ABOUT THIS TASK —
The answer should be an exact repeat of the stretch of material below from the line containing "超純水處理設備廠家深圳純水一號將參加2017年深圳國際鋰電池技術交流展" through the line containing "2022년 조경기사 합격률 (1회, 2회, 4회 필기 및 실기)".

RECORDS FOR THE EXERCISE —
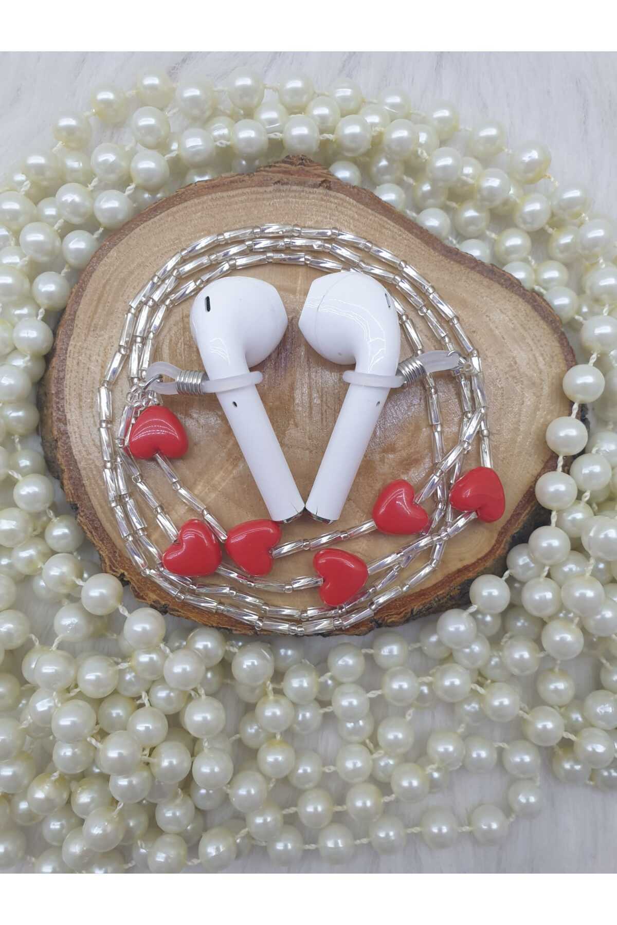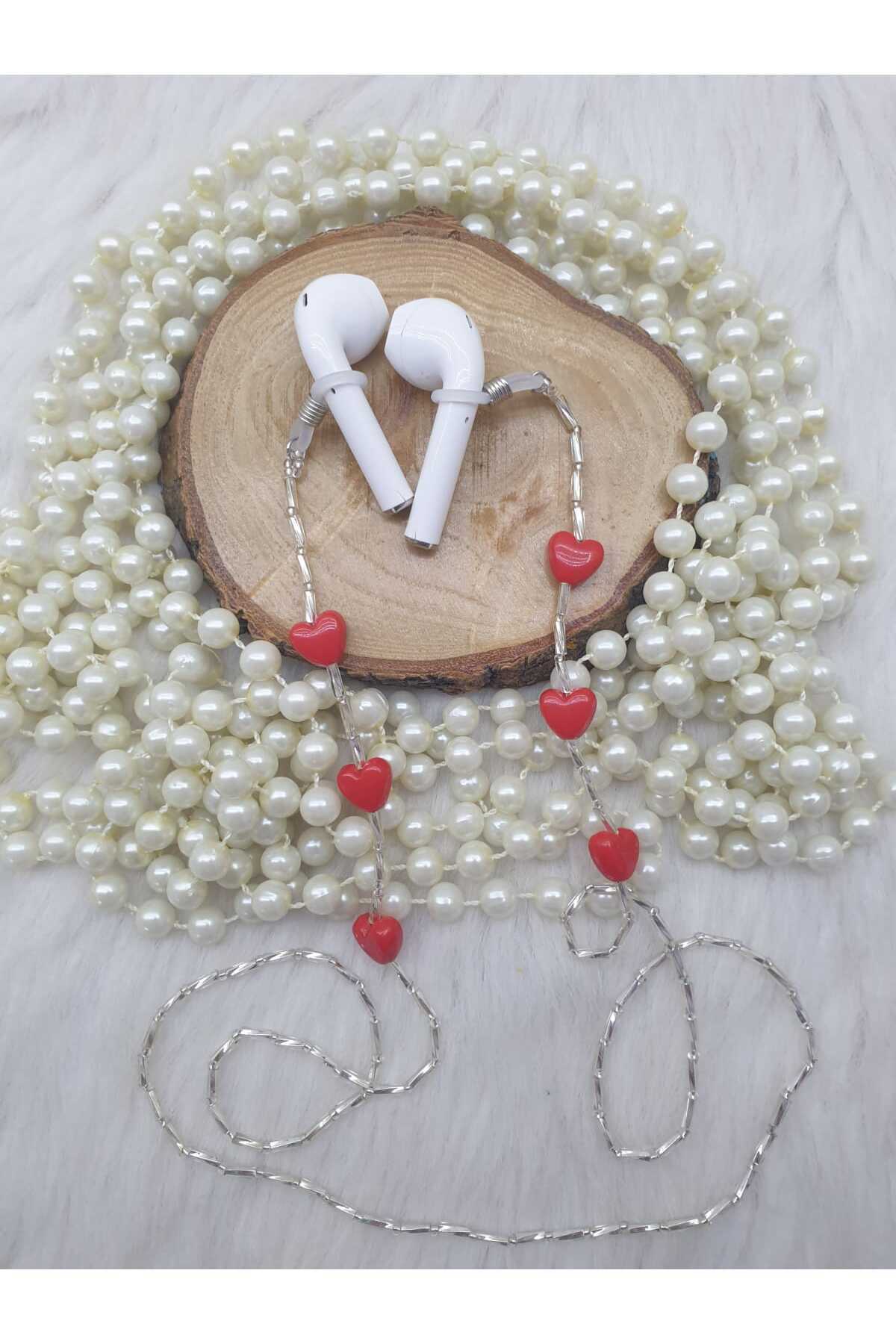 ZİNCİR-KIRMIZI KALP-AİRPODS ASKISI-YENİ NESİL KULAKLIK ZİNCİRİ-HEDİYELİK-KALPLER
==
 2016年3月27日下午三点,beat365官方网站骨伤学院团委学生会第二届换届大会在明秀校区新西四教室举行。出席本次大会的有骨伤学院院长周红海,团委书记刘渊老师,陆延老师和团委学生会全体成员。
* * *
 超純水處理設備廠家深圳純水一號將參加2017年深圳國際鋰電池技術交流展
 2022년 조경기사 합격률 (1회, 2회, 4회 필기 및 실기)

YOUR RESPONSE —
 超純水處理設備廠家深圳純水一號將參加2017年深圳國際鋰電池技術交流展
 2022년 조경기사 합격률 (1회, 2회, 4회 필기 및 실기)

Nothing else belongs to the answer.